Serverless Workflows on AWS: My Journey From SWF to Step Functions

AWS Lambda functions can only run for a maximum of five minutes. This must be distinctly understood, or nothing wonderful can come of the story you are about to hear.

The Problem

This past summer, my team and I set out to build an internal software system used for deployment testing on AWS. The application would run a large number of workflow executions in parallel each night and might perform a few one-off executions during the day – maybe six hours total use out of every twenty-four, with only a small fraction of that time spent doing actual compute tasks. Trying to scale, manage and spend money on EC2 instances for that workload didn’t interest us. We wanted to run our whole workflow process end-to-end on AWS Lambda.

And we did. Heaven help us, we did. This is our story.

Helpful Background: Workflows on AWS

(You can skip this section if you know SWF already) 

If your cloud application has lots of moving parts and does asynchronous processing, you probably need some kind of distributed workflow service: an orchestration system that will help you hand out tasks to worker processes and manage central state.

If your cloud is AWS, you may already be familiar with their well-established workflow service, SWF. The “S” stands for “Simple”, which is a bit of a misnomer, but using SWF is at least easier than building a fully managed, highly available workflow engine on your own. SWF’s fundamental abstractions are the “decider” – a piece of compute logic that figures out what task to perform next – and “workers”, ancillary processes that do the decider’s bidding. Implementing these functions is up to you. SWF makes sure each task gets assigned exactly once, maintains a record of task state throughout the workflow, and generally acts like a helpful parent getting children out the door on time for school.

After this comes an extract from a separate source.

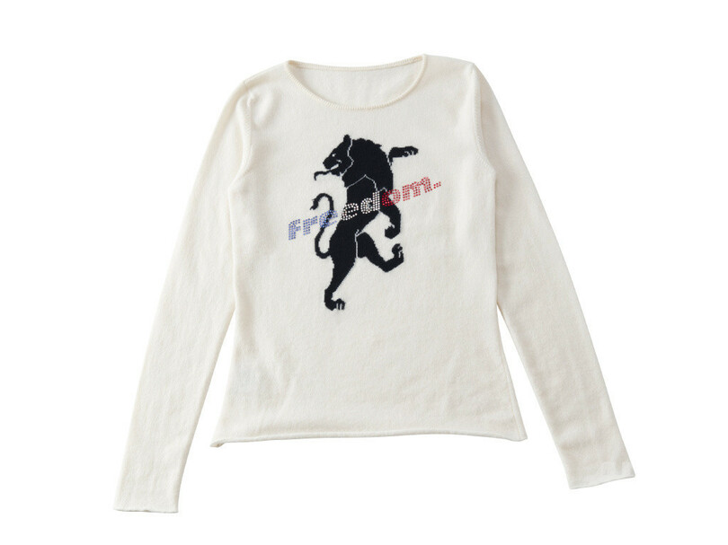「キング・オブ・カシミヤ」と名高い「ルシアン ペラフィネ」がスコットランド製の上質なカシミヤを使用したプルオーバーをメンズ、ウィメンズの両方で限定発売。インターシャの技法でライオンを描き、トリコロールカラーのクリスタルで「Freedom(自由)」のメッセージをあしらったデザイン。

The SWF FAQ says that workers and the decider “can run on cloud infrastructure, such as Amazon EC2, or on machines behind firewalls.” SWF also provides a mechanism for invoking AWS Lambda functions as worker tasks. But the implicit assumption is that you will use a long-running, persistent server for your decider.

That last point did not sit well with my team. For the reasons mentioned above, we much preferred to put that decider on Lambda too.

Serverless Workflows on SWF

AWS Lambda functions, as I said, can only run for a maximum of five minutes. But SWF architecture requires the decider regularly to poll SWF for what are called “decision tasks” – notifications that an activity worker has completed its duties and handed control back to the workflow. Our decider logic, when coordinating a more complicated deployment test, might have to do this polling for a couple of hours. How to perform this long-running task on a very short-running Lambda function?

Our initial answer: CloudWatch Events. Each time we started a workflow, we set up a CloudWatch rule that invoked the decider Lambda function every couple of minutes. The decider would wake up, check SWF, and go back to sleep if nothing interesting was happening.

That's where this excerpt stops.